Monday, April 16, 2018

Charles & Colvard reported revenue growth of 26.9% year-on-year to $ 28.49 million for the fiscal year ended December 31, 2013, Rapaport reported. However, operating expenses and expenses for the reporting year jumped by 35.5% to $ 30.07 million, which resulted in the company completing the year with a net loss of $ 1.29 million compared to a profit of $ 4.38 million a year earlier.
Sales of unmanaged moissanites increased 23% to $ 18.5 million during the year, and final jewelry sales jumped 34% to $ 10 million. Wholesale sales increased 78% to $ 2.9 million. International sales rose 40% to $ 7 million. , 8 million.

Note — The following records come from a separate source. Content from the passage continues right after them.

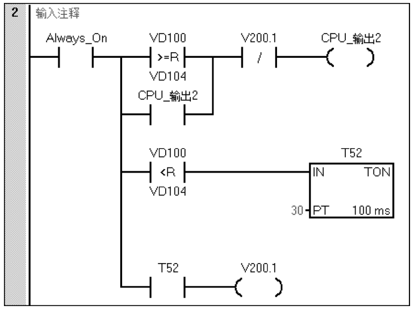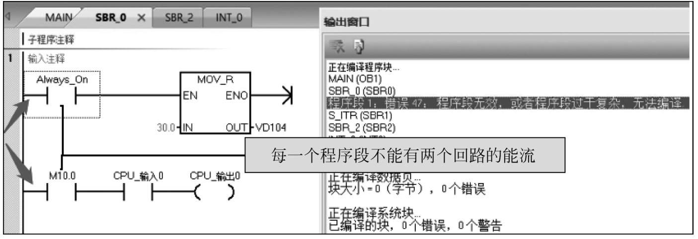 如图5.3所示,程序段1,出现了两个能流回路:一路是从Always_On开始的,终点是MOV_R指令;另一路是从M10.0开始的,终点是【CPU_输出0】线圈输出指令。这种情况是错误的、不允许的。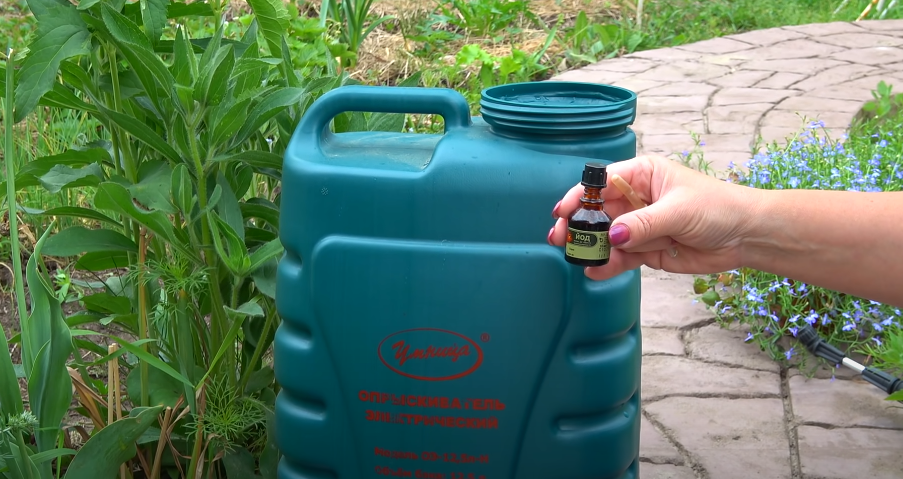 И последний компонент - это йод. Я использую спиртовой раствор йода, который продается в аптеке. На 10 литров рабочего раствора нам понадобится 10 капель йода.
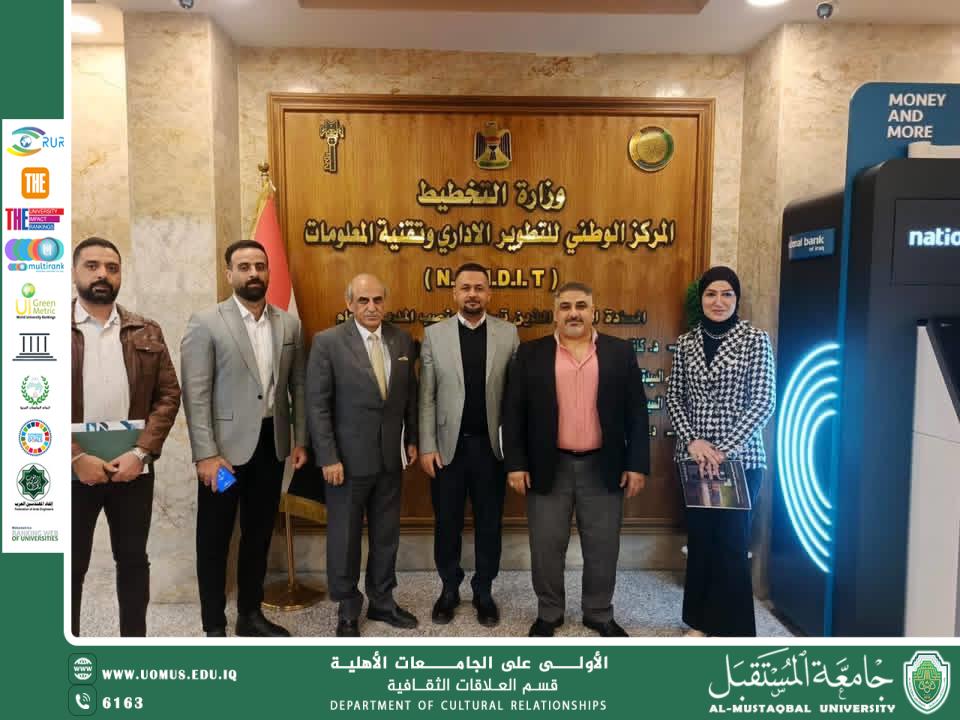 في تجسيدٍ واضح لرؤية جامعة المستقبل في بناء شراكات استراتيجية فاعلة مع المؤسسات الوطنية الرصينة، شارك وفد الجامعة في لقاء نوعي مع المركز الوطني للتطوير الإداري وتقنية المعلومات في وزارة التخطيط، خُصِّص لبحث آفاق التعاون الثنائي وتعزيز التكامل المؤسسي في مجالات التدريب والتطوير وبناء القدرات البشرية.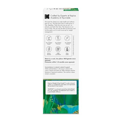 • UNCOMPROMISED QUALITY WITH NO ADDED SUGAR: Kapiva Aloe + Garcinia Juice deploys pulpy Aloe straight from Thar Desert and fresh and small Garcinia fruit for high HCA content as HCA is present on the peel of Garcinia. We juice the Aloe within 4 hours to ens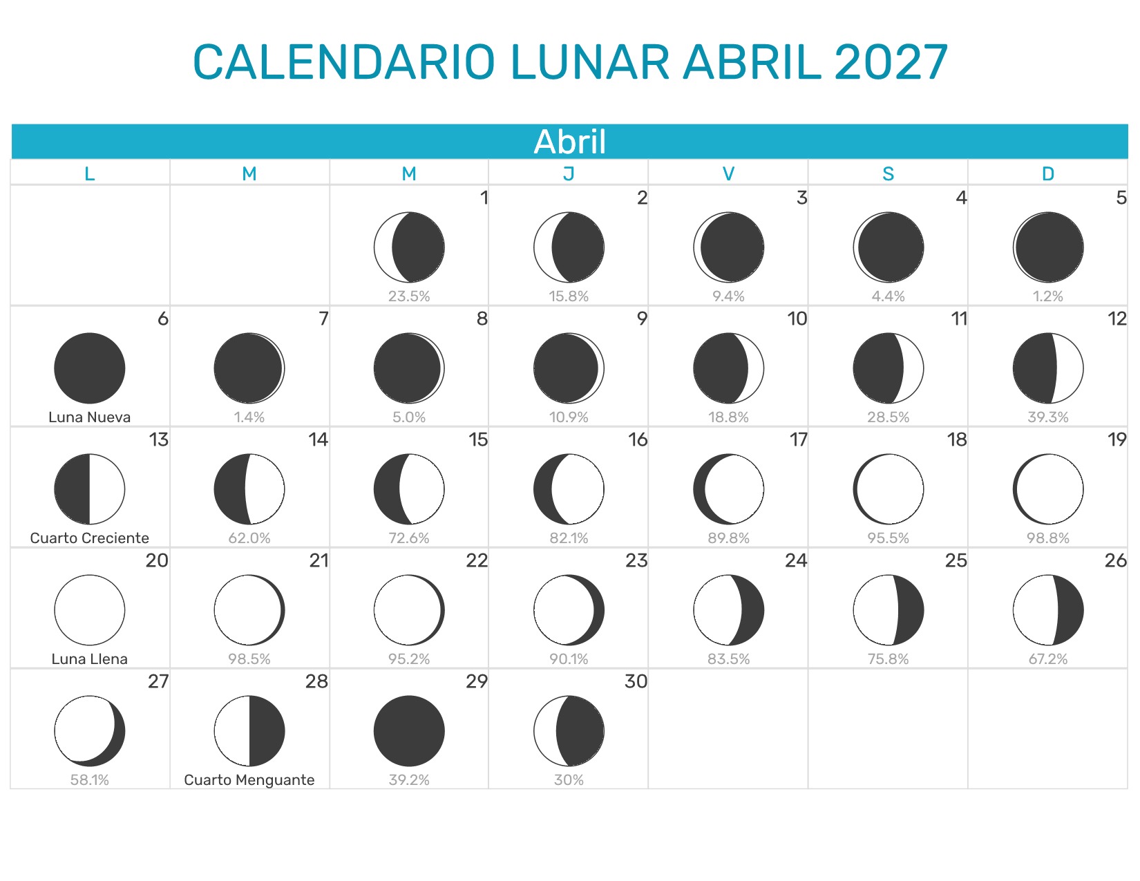Calendario Lunar Abril 2027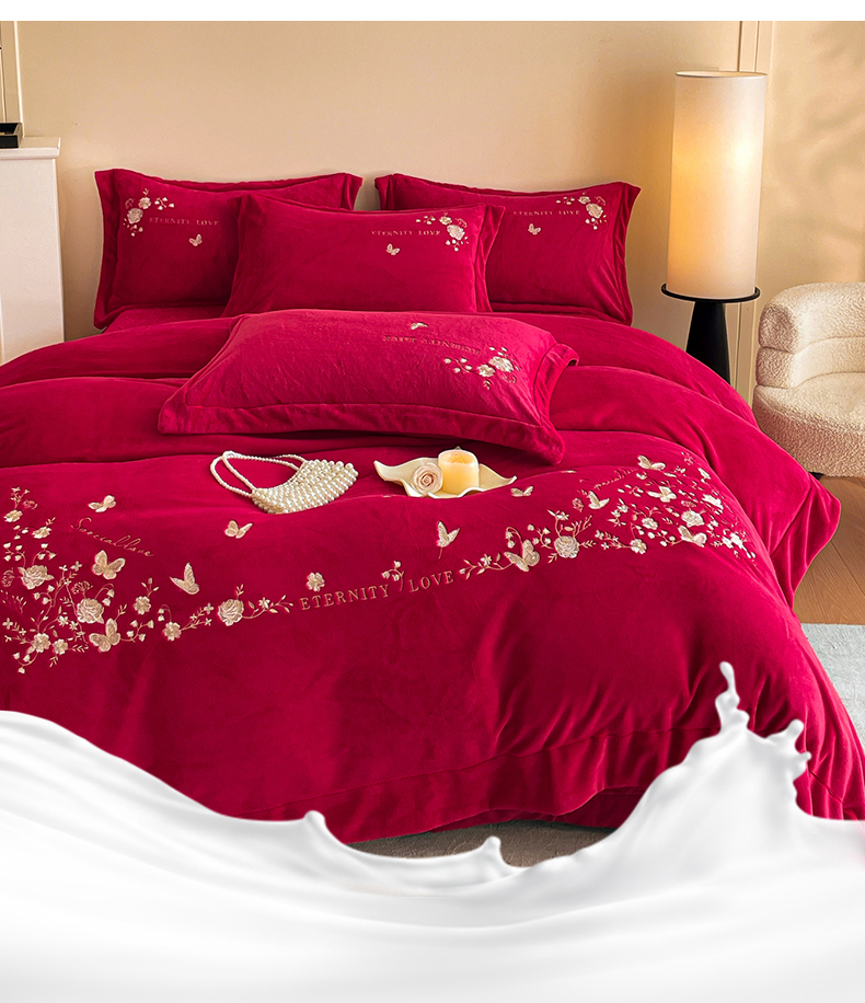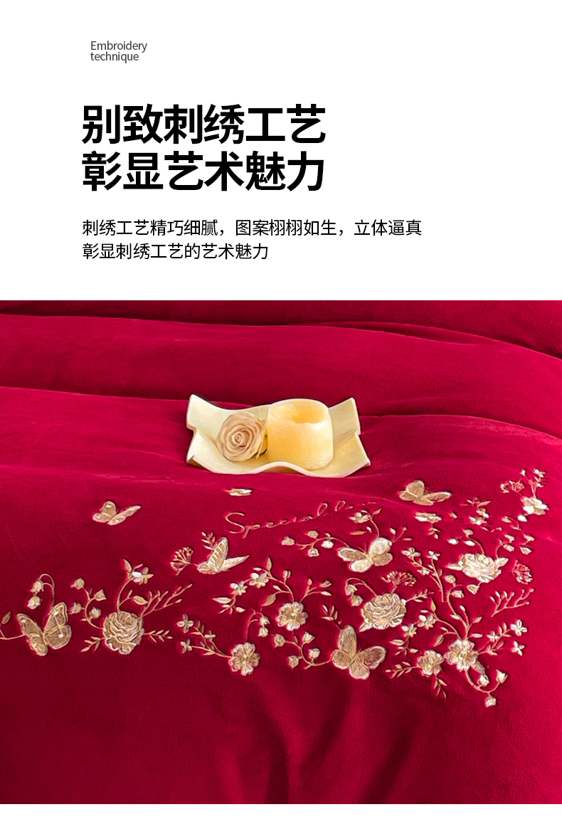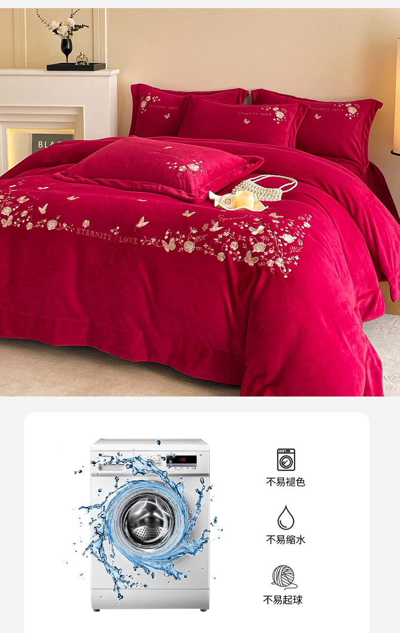 当前位置: 91家纺网 > 商品网购 > 床品套件 > 四件套 > 牛奶绒四件套 > 新方向 2025新款全消光A类刺绣牛奶绒四件套-浮生若梦 浮生若梦-洋酒红

The company explained that the comparative analysis of revenues is complicated by the fact that net income for 2012 accounted for a deferred tax on profits of $ 3.8 million.

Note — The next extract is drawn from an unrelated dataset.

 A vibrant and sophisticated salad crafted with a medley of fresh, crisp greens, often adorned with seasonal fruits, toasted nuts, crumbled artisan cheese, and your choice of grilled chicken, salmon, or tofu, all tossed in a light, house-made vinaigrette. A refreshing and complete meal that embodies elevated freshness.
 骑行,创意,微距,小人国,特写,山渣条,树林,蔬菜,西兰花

"Last year, we took further steps to implement the strategy of progressive growth, calculated for four years from 2010," said Randy N. McCullough, CEO of Charles & Colvard. "We received an average annual revenue growth of 30% over the past four years and also invested in management and infrastructure to prepare for business opportunities in 2014 and beyond."
"In 2014, we will focus on improving profitability and business growth in several areas, including attracting new customers and using new channels, and increasing consumer awareness of the Forever Brilliant® brand," McCullag said.